Saved entries

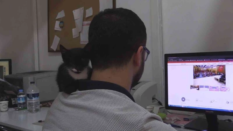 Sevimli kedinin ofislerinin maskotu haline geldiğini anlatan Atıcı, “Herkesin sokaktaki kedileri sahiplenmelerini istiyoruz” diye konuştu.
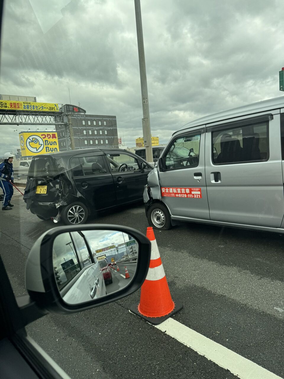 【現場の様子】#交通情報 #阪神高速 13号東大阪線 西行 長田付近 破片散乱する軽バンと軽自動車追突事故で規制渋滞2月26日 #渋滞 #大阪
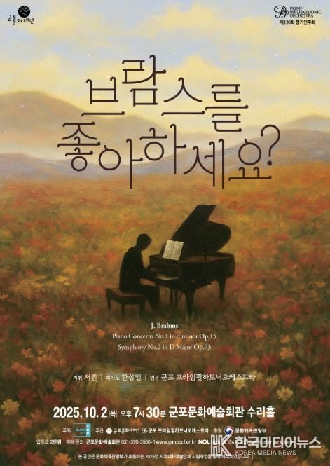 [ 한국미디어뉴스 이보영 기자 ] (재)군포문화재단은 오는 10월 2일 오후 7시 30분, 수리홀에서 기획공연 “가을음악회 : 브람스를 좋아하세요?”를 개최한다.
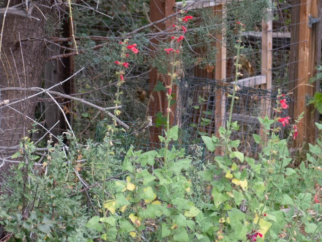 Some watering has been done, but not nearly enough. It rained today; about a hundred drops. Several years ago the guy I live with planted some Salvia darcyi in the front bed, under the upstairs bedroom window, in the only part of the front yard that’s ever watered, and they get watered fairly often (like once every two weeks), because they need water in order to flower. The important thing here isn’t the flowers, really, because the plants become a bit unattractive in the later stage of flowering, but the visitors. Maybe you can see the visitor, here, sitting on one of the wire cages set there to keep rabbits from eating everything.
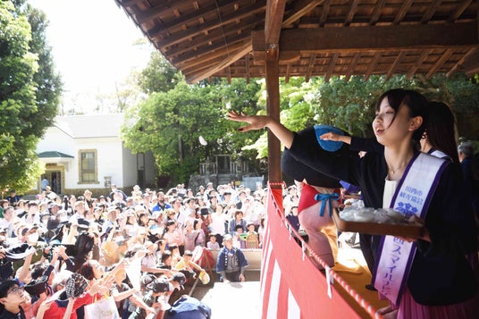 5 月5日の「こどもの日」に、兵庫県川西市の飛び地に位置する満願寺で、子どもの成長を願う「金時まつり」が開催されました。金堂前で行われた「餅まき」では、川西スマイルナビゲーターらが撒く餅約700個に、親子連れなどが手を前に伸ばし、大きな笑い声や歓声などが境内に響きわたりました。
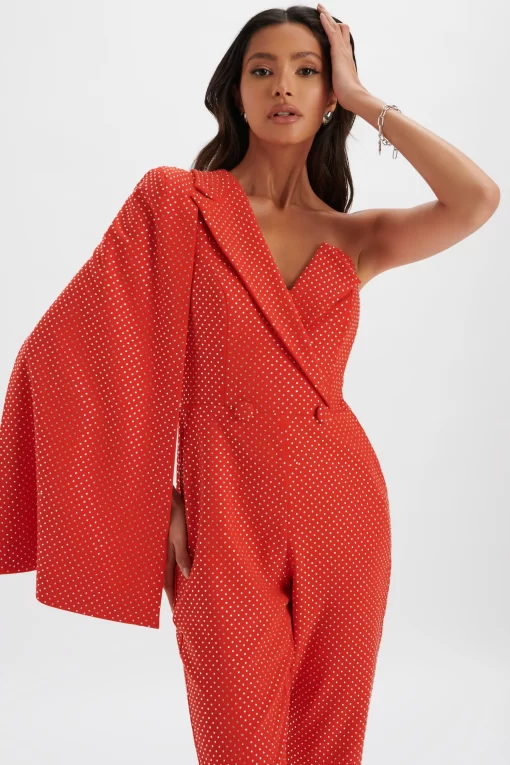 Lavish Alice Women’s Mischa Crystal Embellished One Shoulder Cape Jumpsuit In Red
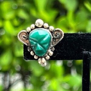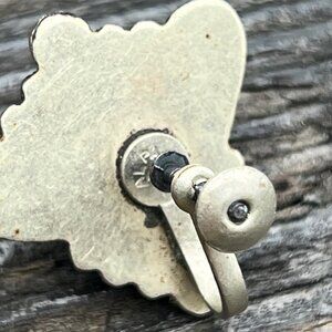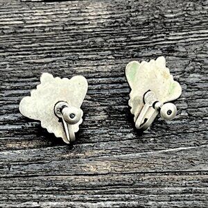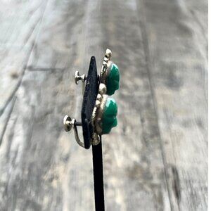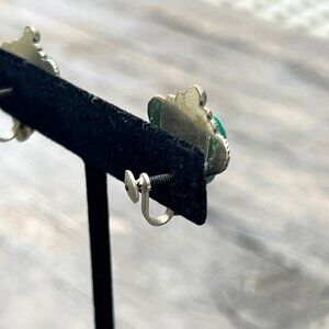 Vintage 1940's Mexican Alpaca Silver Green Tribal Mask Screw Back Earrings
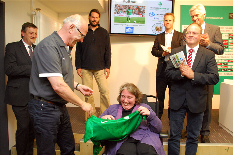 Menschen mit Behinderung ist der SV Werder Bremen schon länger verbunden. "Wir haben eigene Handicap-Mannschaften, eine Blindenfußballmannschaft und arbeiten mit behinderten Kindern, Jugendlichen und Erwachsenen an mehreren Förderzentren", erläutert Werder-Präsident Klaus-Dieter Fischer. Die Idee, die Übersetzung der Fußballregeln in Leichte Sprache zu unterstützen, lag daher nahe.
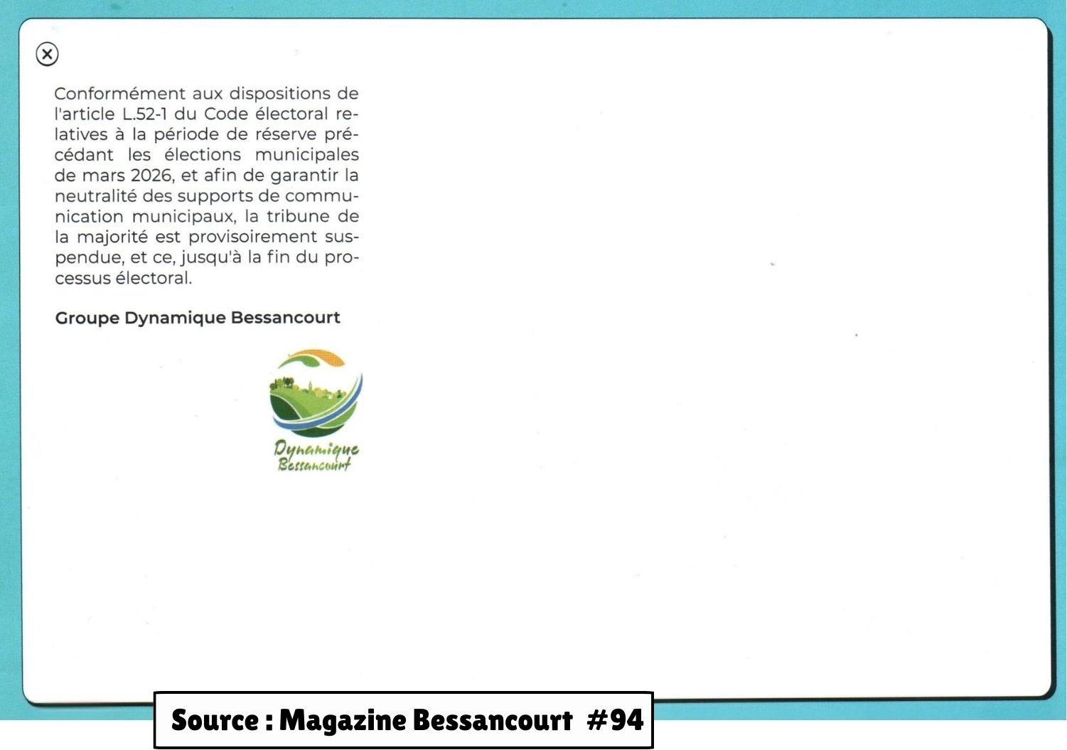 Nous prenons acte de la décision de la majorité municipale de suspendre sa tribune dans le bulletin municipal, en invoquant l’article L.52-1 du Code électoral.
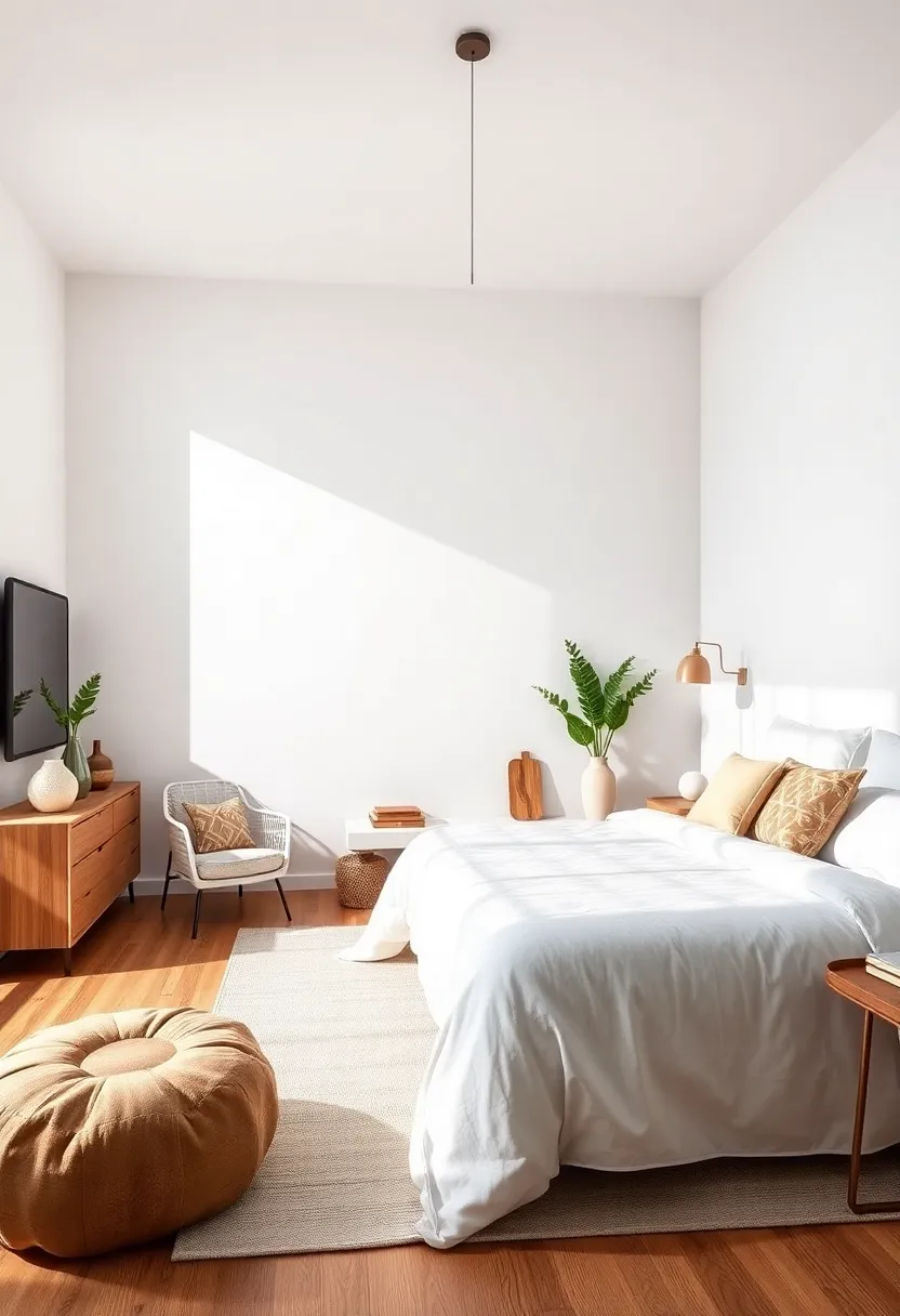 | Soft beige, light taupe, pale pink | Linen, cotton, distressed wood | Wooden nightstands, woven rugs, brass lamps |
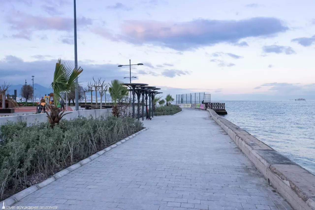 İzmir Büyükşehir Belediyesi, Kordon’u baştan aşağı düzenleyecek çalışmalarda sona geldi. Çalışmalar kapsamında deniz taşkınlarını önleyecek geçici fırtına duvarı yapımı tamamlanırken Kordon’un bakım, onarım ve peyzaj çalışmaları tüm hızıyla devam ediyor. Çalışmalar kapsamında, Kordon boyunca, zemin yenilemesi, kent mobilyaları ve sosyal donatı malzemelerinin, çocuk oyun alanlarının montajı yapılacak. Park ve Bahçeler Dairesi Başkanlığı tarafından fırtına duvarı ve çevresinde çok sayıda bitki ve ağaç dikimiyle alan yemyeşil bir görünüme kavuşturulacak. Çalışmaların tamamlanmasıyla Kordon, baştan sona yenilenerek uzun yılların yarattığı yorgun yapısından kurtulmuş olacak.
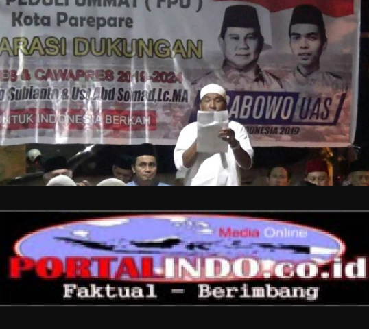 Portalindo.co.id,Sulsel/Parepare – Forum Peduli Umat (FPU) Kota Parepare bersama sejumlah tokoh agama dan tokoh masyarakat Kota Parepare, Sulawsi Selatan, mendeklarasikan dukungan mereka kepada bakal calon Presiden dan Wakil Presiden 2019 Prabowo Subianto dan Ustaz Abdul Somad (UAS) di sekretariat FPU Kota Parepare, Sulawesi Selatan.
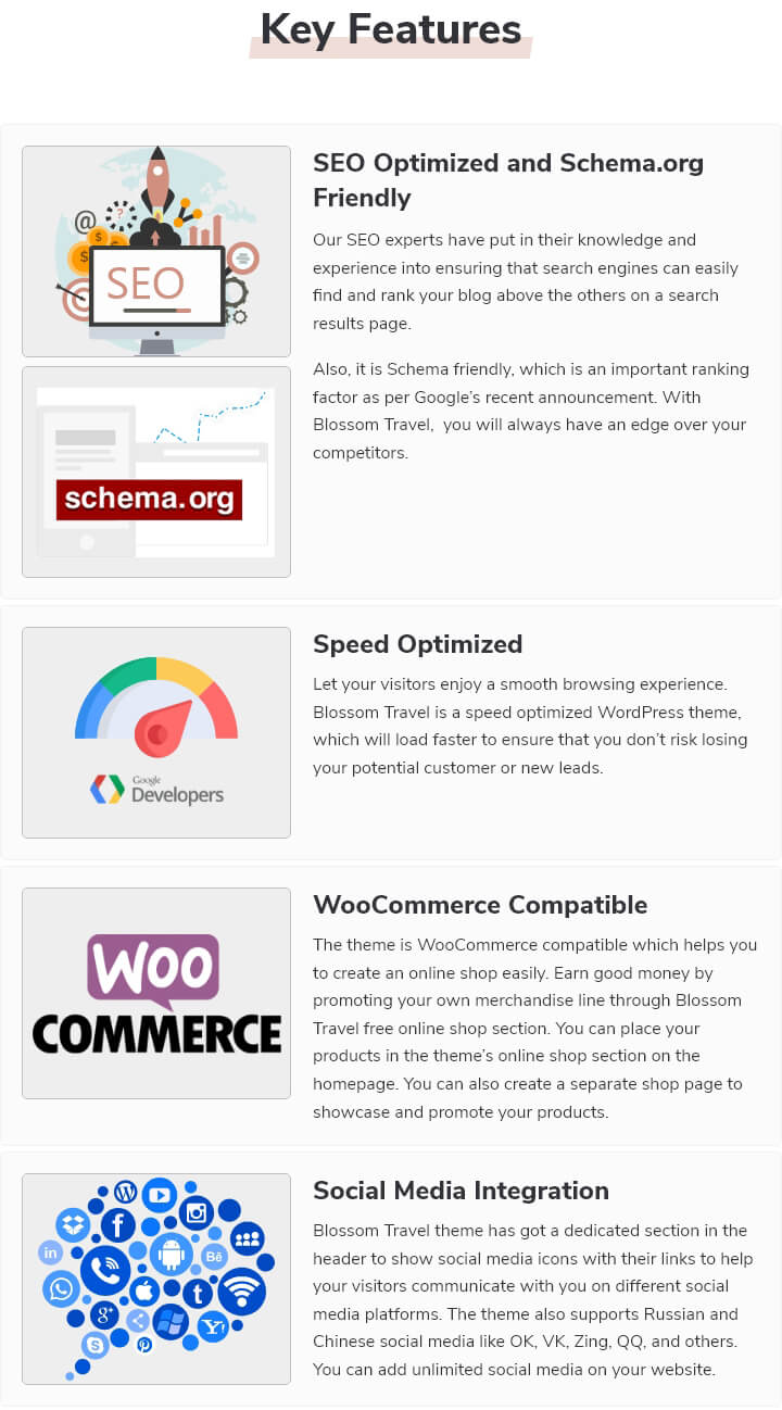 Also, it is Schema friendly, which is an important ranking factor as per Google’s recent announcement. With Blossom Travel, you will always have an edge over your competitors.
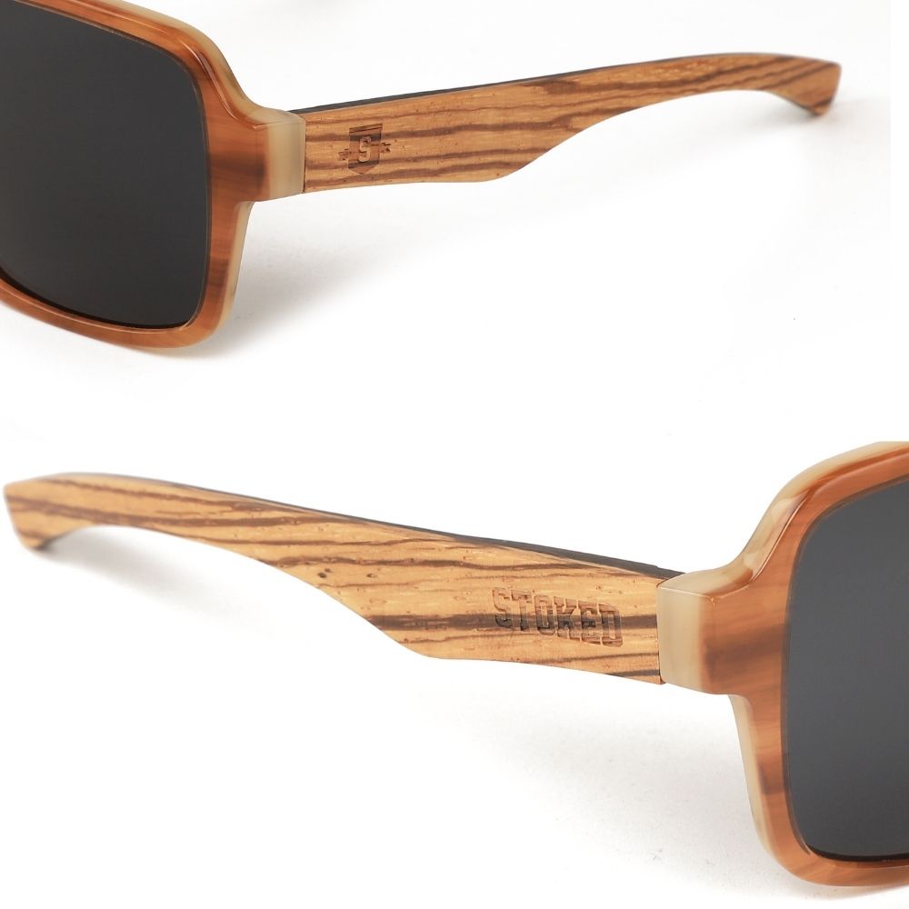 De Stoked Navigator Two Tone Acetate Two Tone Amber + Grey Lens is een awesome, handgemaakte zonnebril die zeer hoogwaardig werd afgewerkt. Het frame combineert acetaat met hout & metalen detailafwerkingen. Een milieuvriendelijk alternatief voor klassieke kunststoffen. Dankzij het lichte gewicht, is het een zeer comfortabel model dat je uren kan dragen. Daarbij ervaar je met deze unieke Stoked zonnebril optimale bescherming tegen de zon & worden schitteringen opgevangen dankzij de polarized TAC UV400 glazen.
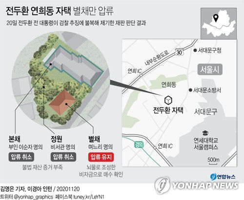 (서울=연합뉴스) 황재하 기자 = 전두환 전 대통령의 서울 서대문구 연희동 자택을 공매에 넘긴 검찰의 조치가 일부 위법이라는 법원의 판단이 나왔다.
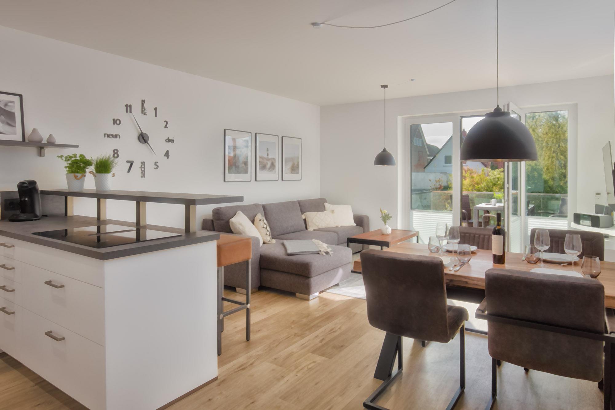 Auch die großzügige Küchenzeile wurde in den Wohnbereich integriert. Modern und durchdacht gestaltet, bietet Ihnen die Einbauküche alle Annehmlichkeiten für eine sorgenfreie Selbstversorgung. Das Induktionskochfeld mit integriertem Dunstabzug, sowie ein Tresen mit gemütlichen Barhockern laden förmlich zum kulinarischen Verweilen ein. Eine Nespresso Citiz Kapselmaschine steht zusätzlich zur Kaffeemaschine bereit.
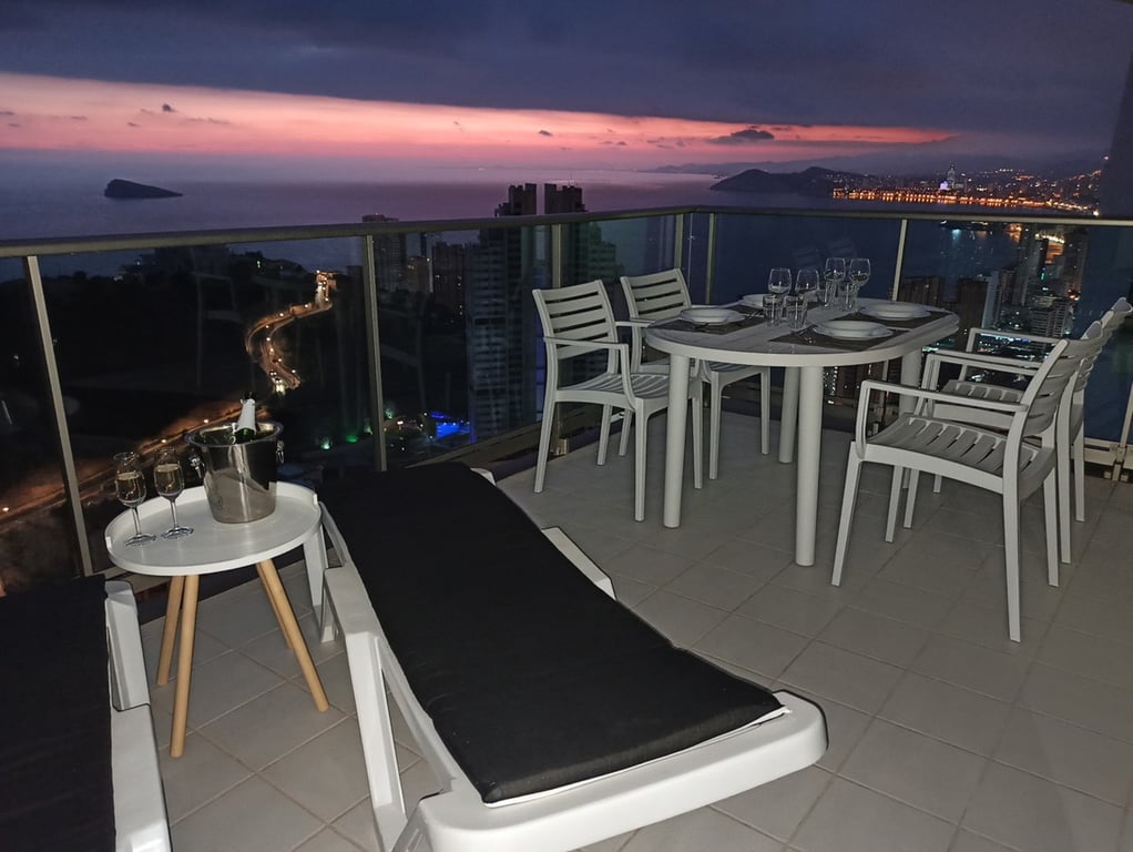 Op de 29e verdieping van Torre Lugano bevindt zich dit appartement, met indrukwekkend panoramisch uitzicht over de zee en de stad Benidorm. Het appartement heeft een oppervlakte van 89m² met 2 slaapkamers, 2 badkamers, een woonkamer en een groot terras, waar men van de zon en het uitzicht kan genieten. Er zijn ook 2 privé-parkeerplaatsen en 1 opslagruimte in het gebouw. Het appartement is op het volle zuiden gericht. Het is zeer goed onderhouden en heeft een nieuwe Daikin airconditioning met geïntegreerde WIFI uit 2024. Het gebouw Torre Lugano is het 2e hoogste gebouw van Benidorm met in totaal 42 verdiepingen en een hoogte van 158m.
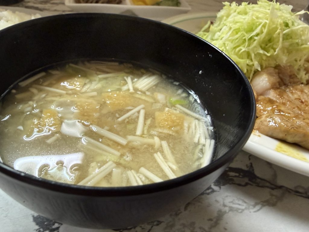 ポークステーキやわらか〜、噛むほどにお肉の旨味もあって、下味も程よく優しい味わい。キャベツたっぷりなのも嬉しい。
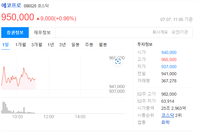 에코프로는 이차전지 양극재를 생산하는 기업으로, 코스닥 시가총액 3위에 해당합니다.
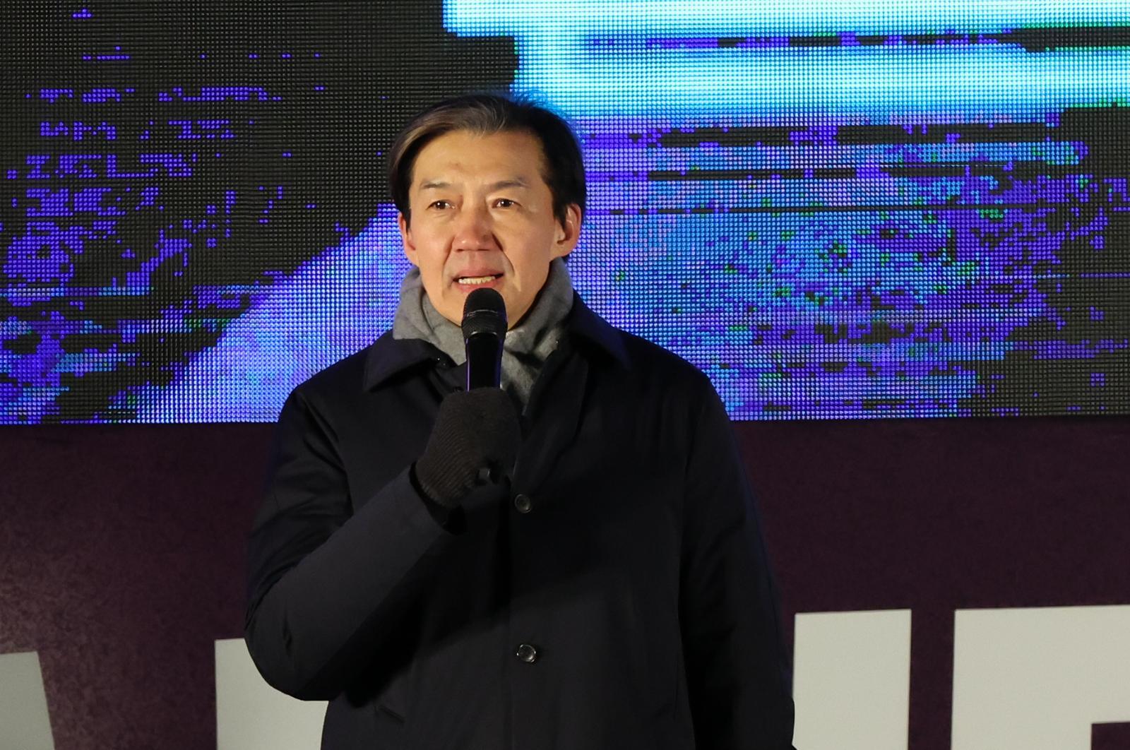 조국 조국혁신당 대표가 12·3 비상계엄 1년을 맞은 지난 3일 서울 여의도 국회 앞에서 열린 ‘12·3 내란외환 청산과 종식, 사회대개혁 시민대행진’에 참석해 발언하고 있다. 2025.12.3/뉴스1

→ Task requirements
Beginning with the line above that has "İzmir Büyükşehir Belediyesi, Kordon’u" and going on through the line that has "De Stoked Navigator", retype every line exactly and add nothing else; drop the pictures.

→ Response
 İzmir Büyükşehir Belediyesi, Kordon’u baştan aşağı düzenleyecek çalışmalarda sona geldi. Çalışmalar kapsamında deniz taşkınlarını önleyecek geçici fırtına duvarı yapımı tamamlanırken Kordon’un bakım, onarım ve peyzaj çalışmaları tüm hızıyla devam ediyor. Çalışmalar kapsamında, Kordon boyunca, zemin yenilemesi, kent mobilyaları ve sosyal donatı malzemelerinin, çocuk oyun alanlarının montajı yapılacak. Park ve Bahçeler Dairesi Başkanlığı tarafından fırtına duvarı ve çevresinde çok sayıda bitki ve ağaç dikimiyle alan yemyeşil bir görünüme kavuşturulacak. Çalışmaların tamamlanmasıyla Kordon, baştan sona yenilenerek uzun yılların yarattığı yorgun yapısından kurtulmuş olacak.
 Portalindo.co.id,Sulsel/Parepare – Forum Peduli Umat (FPU) Kota Parepare bersama sejumlah tokoh agama dan tokoh masyarakat Kota Parepare, Sulawsi Selatan, mendeklarasikan dukungan mereka kepada bakal calon Presiden dan Wakil Presiden 2019 Prabowo Subianto dan Ustaz Abdul Somad (UAS) di sekretariat FPU Kota Parepare, Sulawesi Selatan.
 Also, it is Schema friendly, which is an important ranking factor as per Google’s recent announcement. With Blossom Travel, you will always have an edge over your competitors.
 De Stoked Navigator Two Tone Acetate Two Tone Amber + Grey Lens is een awesome, handgemaakte zonnebril die zeer hoogwaardig werd afgewerkt. Het frame combineert acetaat met hout & metalen detailafwerkingen. Een milieuvriendelijk alternatief voor klassieke kunststoffen. Dankzij het lichte gewicht, is het een zeer comfortabel model dat je uren kan dragen. Daarbij ervaar je met deze unieke Stoked zonnebril optimale bescherming tegen de zon & worden schitteringen opgevangen dankzij de polarized TAC UV400 glazen.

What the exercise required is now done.